The potent oral histone deacetylase inhibitor panobinostat given in combination with standard ICE led to an overall response rate of 86%, with complete responses in 15 of 21 patients (71%) in a phase I study reported by Yasuhiro Oki, MD, of The University of Texas MD Anderson Cancer Center, Houston, and colleagues.4 Panobinostat was given on Monday, Wednesday, and Friday, beginning 1 week before the first ICE treatment and continued during ICE through the second cycle. The third cycle was given without panobinostat, based on concerns over stem cell collection.  The starting dose of panobinostat was 20 mg, with a target dose of 30 mg.

Of the 18 responders, 17 patients had autologous transplant without additional treatment (except for stem cell mobilization). Three patients received one or more additional treatments, then went on to transplant. There were no issues with harvest or engraftment, Dr. Younes reported.

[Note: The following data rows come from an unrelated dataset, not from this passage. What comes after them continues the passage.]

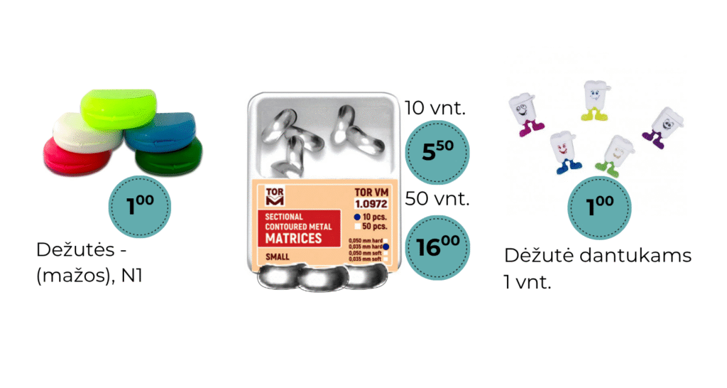 Šiame trumpame leidinyje pristatome tik dalį mūsų tiekiamų odontologinių medžiagų ir priemonių. Čia rasite informaciją apie higienines priemones, matricas, poliravimo diskus ar net žaislus mažiesiems.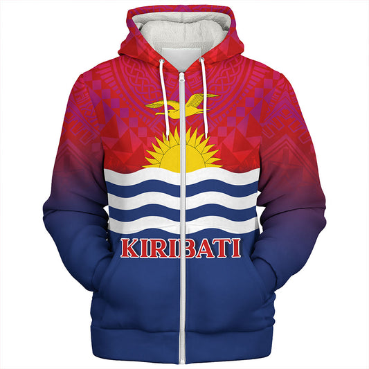 Kiribati Sherpa Hoodie Flag Color With Traditional Patterns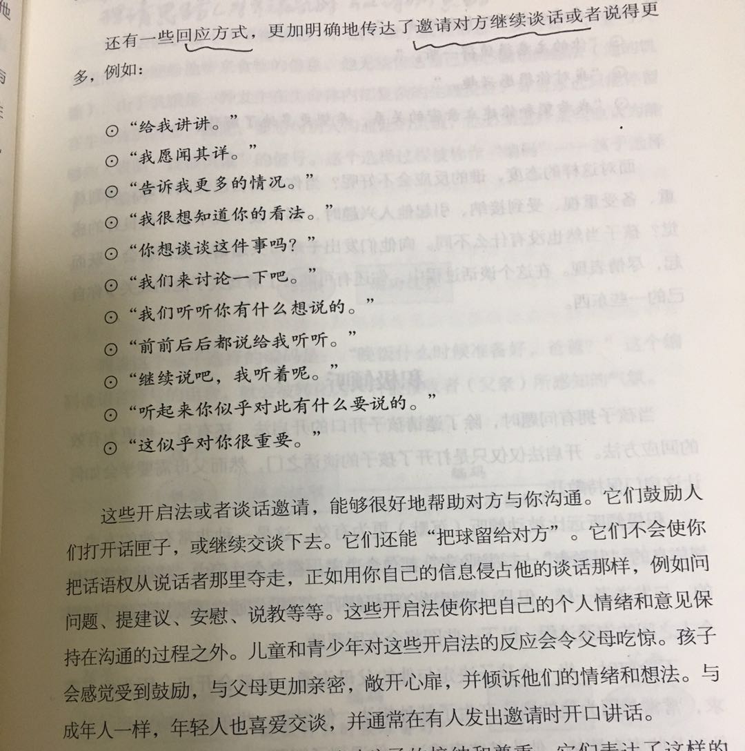 Why:带着好奇心去倾听,鼓励对方打开话匣子,把话语权给对方,把自己的个人情绪和意见保持在沟通过程之外,孩子会感受受到鼓励,从而敞开心扉,倾诉他们的情绪和想法。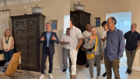 A group photo taken outside the event features Meiner and 2025 Commission candidates Fred Karlton and Minique Pardo Pope, both of whom lost their respective races. Many of the attendees wear hats that read, “Miami Beach Mayor Steven Meiner.”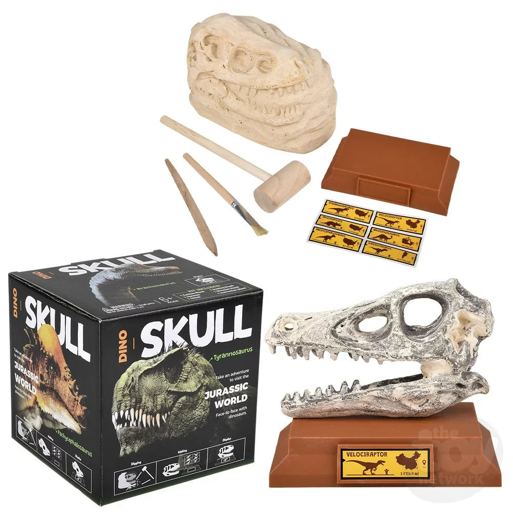 Uncover a mystery fossil with this 6.5" Dinosaur Skull Excavation kit! You'll feel like a real paleontologist as you break, dig, and brush away the dirt to uncover your skull. Afterwards, use the stickers to properly label your display based off which dinosaur you got. Then prop it up on the display stand to showcase your hard work! Each set includes hammer, pick, brush, display stand, stickers, and fossil. Sold by the set. Each set in color box.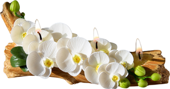 Enhance your space with this elegant orchid arrangement candle, perfect for gifting or adding a touch of sophistication to any room.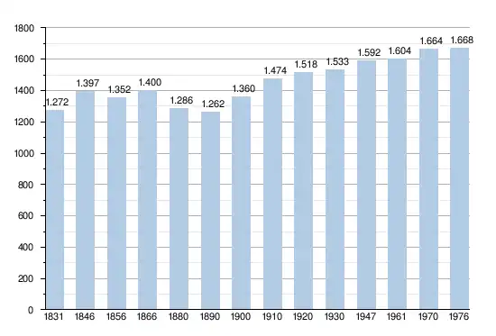 - Sources : INS, Rem. : 1831 jusqu'en 1970 = recensements, 1976 = nombre d'habitants au 31 décembre[2].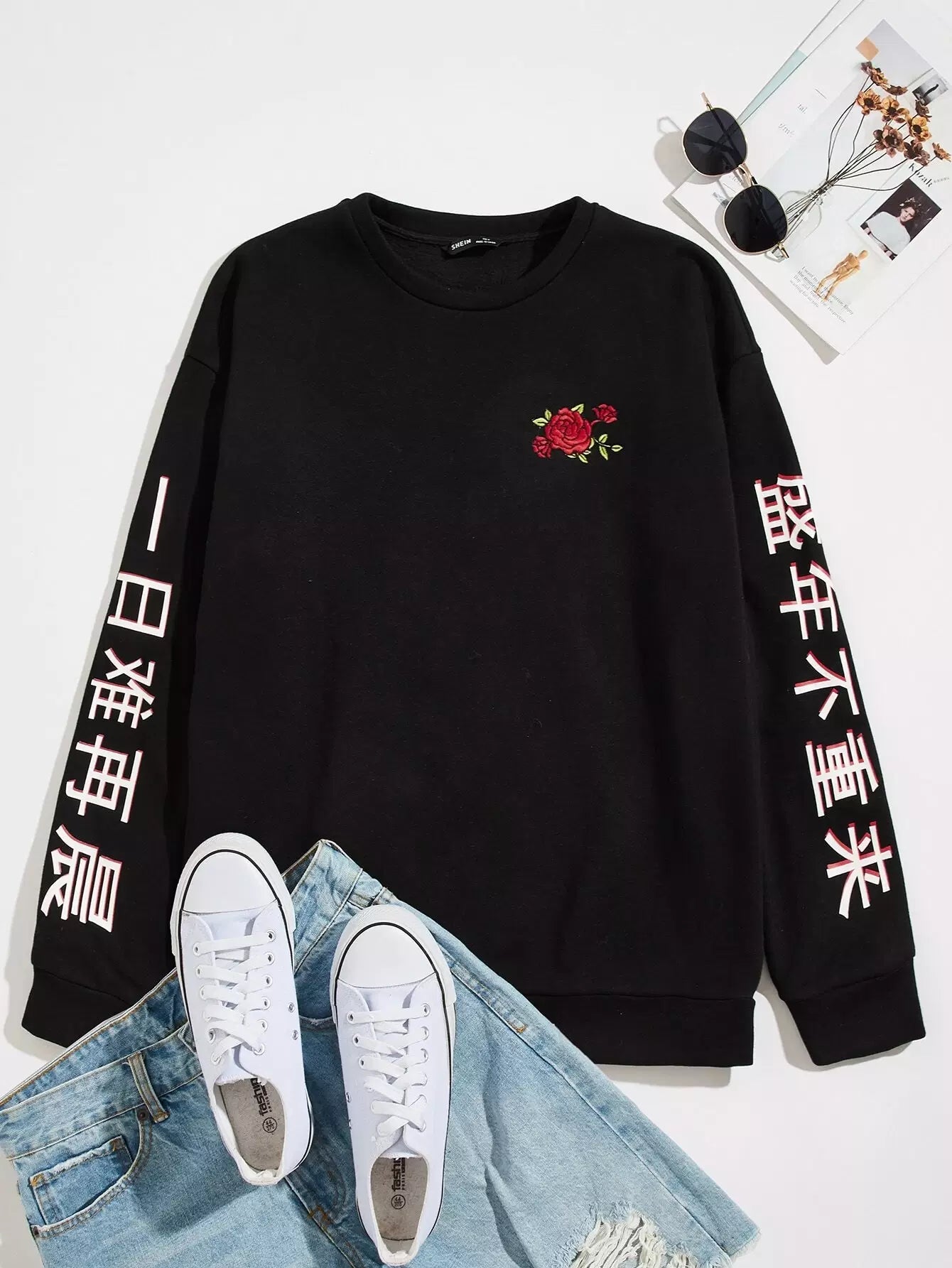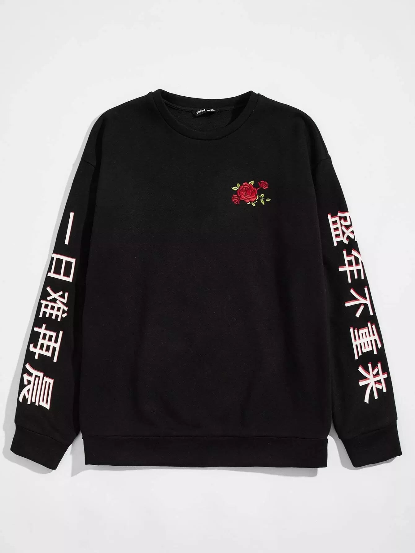 Men Chinese Letter Graphic Floral Embroidery Pullover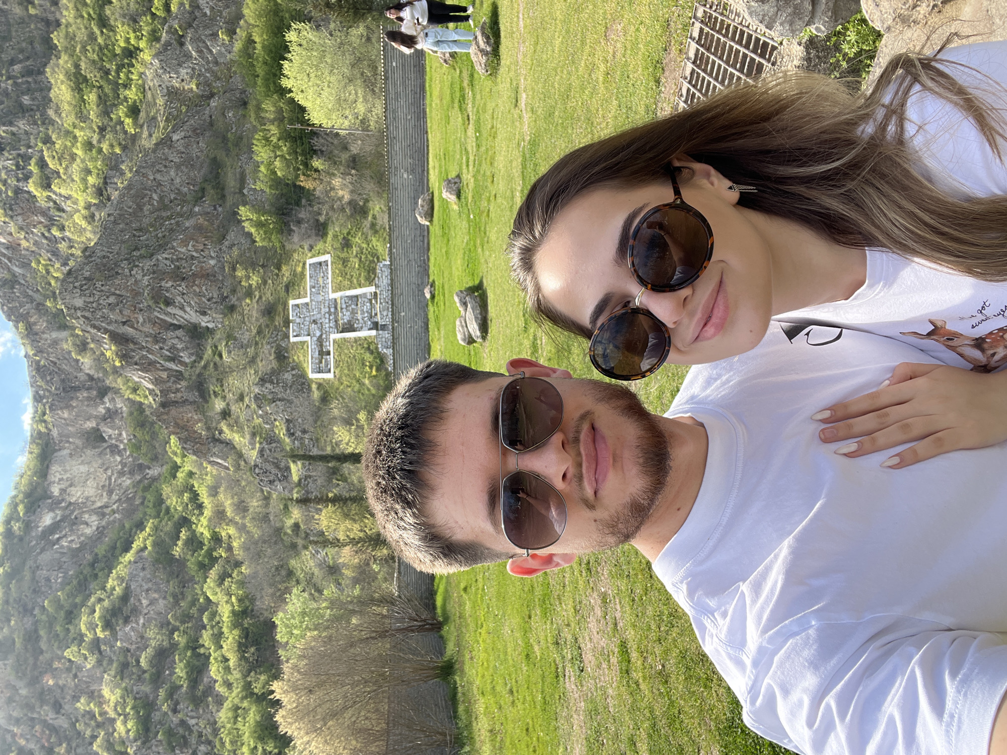 A selfie captures a man and a woman outdoors. The woman, with long brown hair, wears round sunglasses and a white t-shirt with a deer graphic. Her hand rests on the man's white t-shirt. The man, also in sunglasses, has short hair and a beard. The background features a grass-covered area leading to a large stone cross, stairs, and other individuals further away. A rocky cliff covered in trees is visible in the upper left. The location is assumed to be in the vicinity of General Todorov, Bulgaria.

“This is only a phase I study, but at face value the results are probably slightly better than what we expect with ICE alone,” Dr. Oki suggested. A randomized phase II study has been initiated. ■

Disclosure: Dr. Younes reported consultancy, research funding, and/or honoraria from Novartis, Seattle Genetics, Millennium, and Syndax.


1. Gopal AK, Chen R, Smith SE, et al: 2013 ASH Annual Meeting. Abstract 4382. Presented December 9, 2013.

2. Moskowitz A, Schoder H, Gerecitano JF, et al: 2013 ASH Annual Meeting. Abstract 2099. Presented December 7, 2013.

3. Gandhi M, Evens AM, Fenske TS, et al: 2013 ASH Annual Meeting. Abstract 4380. Presented December 9, 2013.

4. Oki Y, Fanale M, Westin JR, et al:  2013 ASH Annual Meeting. Abstract 252. Presented December 9, 2013.